Plug-ins
Major Zusammen capabilities are based on plug-ins. The Zusammen Adapter accesses a set of configurable plug-ins, each of which encapsulates a single functionality.
The default implementation is supplied with:
- A Collaboration store that is implemented using Git. The collaboration store defines a collaboration interface with support for the following objects: item, entity, user area, save, publish, sync, delete, and merge.
- A Metadata store that is implemented using Cassandra. The Metadata store defines a Metadata interface with support for save, update, quick fetch, items management, collaboration groups management, and user work-space management. The metadata store is schema free.
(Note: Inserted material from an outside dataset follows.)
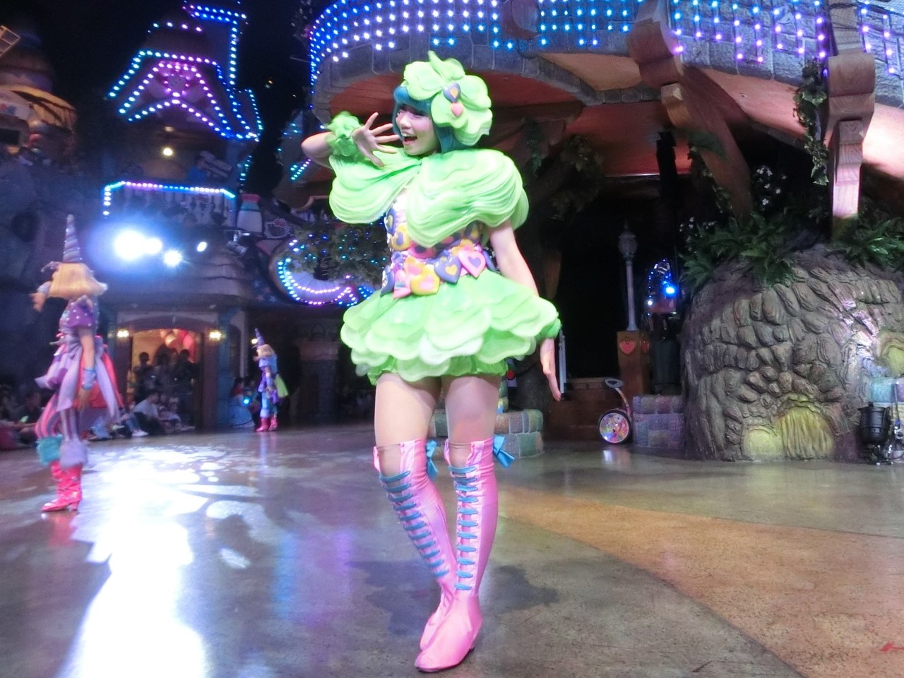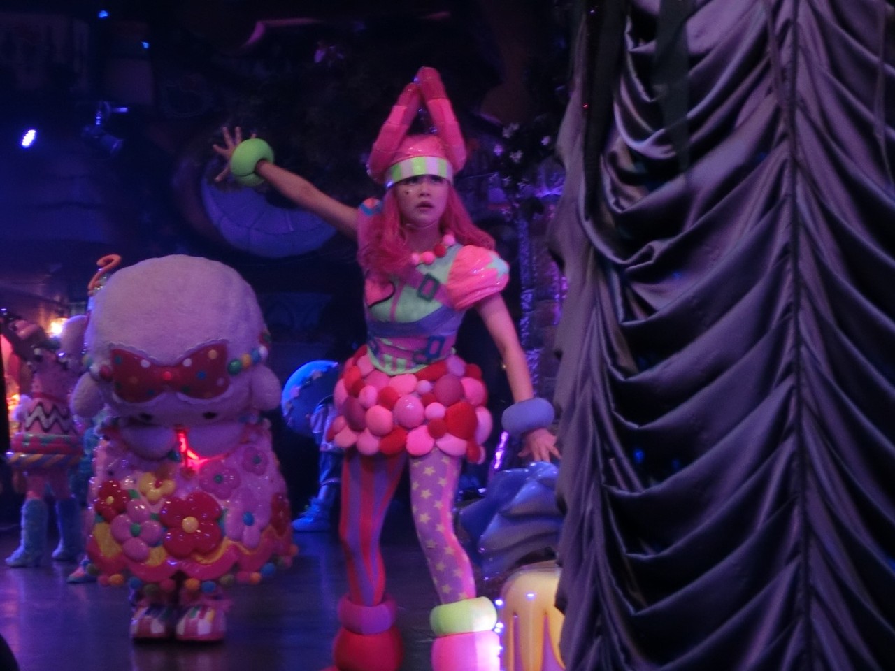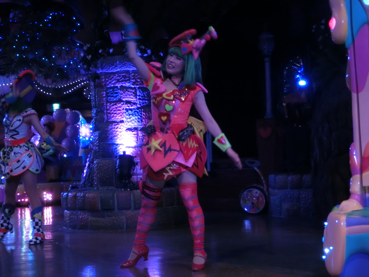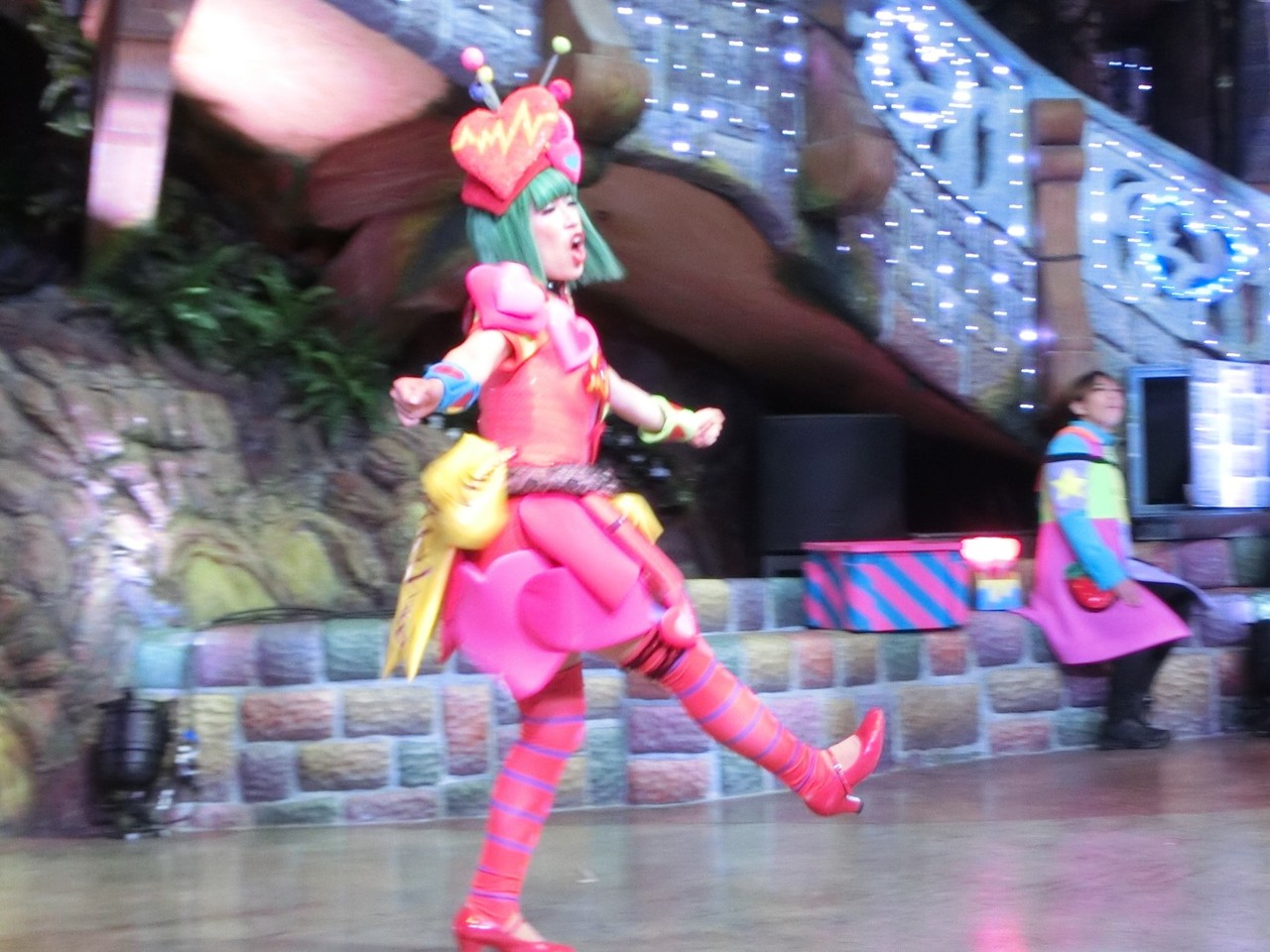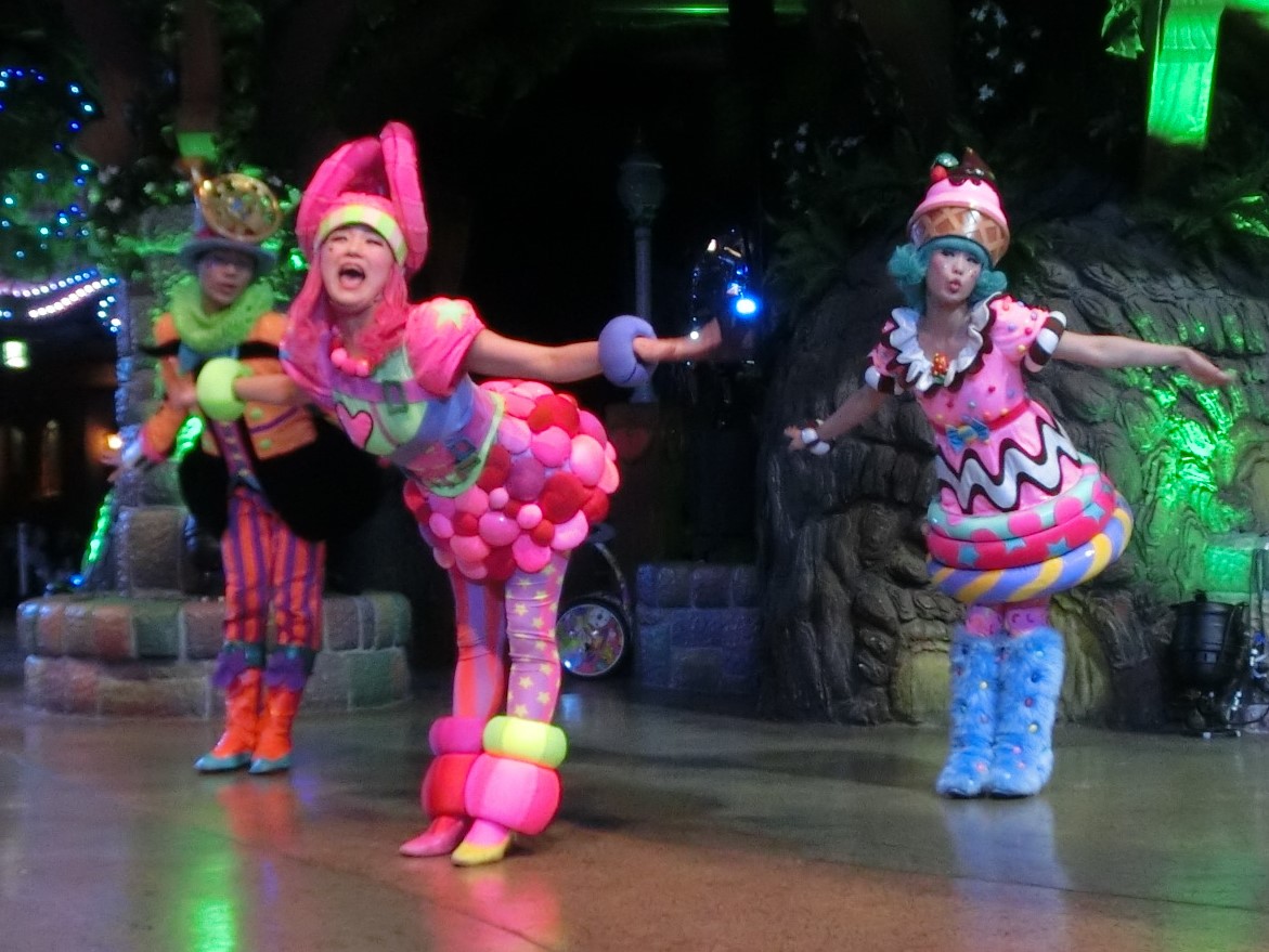一旦お昼を食べに外へ出て、帰ってきたのは13時30分過ぎ。ちょうどステージではメルのショーをやっていました。いつもはメルヘン劇場で「鬼さん」を演じている皆さんがパステルカラーのかわいい衣装でメルとショーを演じるのが見ものです。
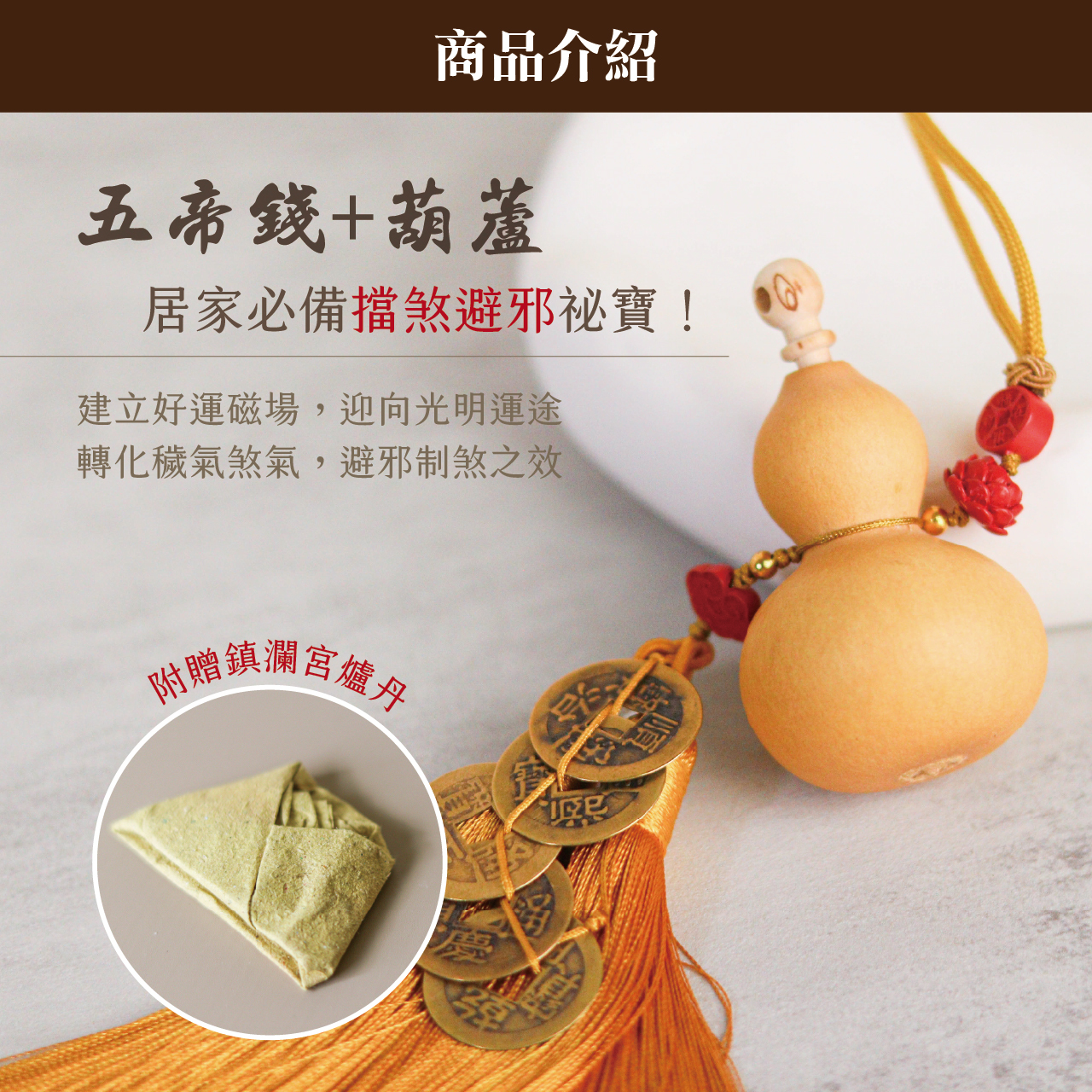 天賜福祿-天然葫蘆五帝錢吊飾|鎮宅|化煞|過爐加持|附爐丹【綵金殿】

- A Search Index that is implemented using Elastic. Queries from the calling application must be valid queries that the search engine can perform.
While Zusammen defines strict functional requirements through its plug-in interfaces, the non-functional requirements are defined by the hosting application and the selected plug-ins.
The rest of this topic describes an enterprise-grade non-functional implementation, based on the reference plug-ins.
Consistency
The Zusammen contract states that an operation is successful once the underlying plug-in returns success. Success might mean that the successful operation is not consistent yet. (Plug-ins may eventually be consistent or have some inner latency, for example.)
Examples:
- When using a database that uses the eventual consistency model as the Metadata Store plug-in, the plug-in creator must decide when data is considered written. The default configuration for most eventual consistency databases considers a record to be written on first-write or quorum majority. At this point the plug-in should return a success response to the middleware.
- The search index takes some time to actually index the data, search indexes usually return control to the caller at this point.
The developers of the calling application should make their plug-in selection based on the their application requirements, while keeping in mind the CAP theorem.
High availability
This section describes the high availability architecture of the Zusammen reference implementation. (High availability of the host application is out of scope for this document.)
High availability for Zusammen is achieved at the plug-in level.
Search index
The reference implementation uses Elastic Search, following the guidelines described in Scale Practices.
Highly Recommended: For a better understanding of scaling using Elastic, you are advised to read about Elastic Search mechanisms.
Metadata store
The reference implementation uses Cassandra as its Metadata store, following the guidelines described in Scale Practices.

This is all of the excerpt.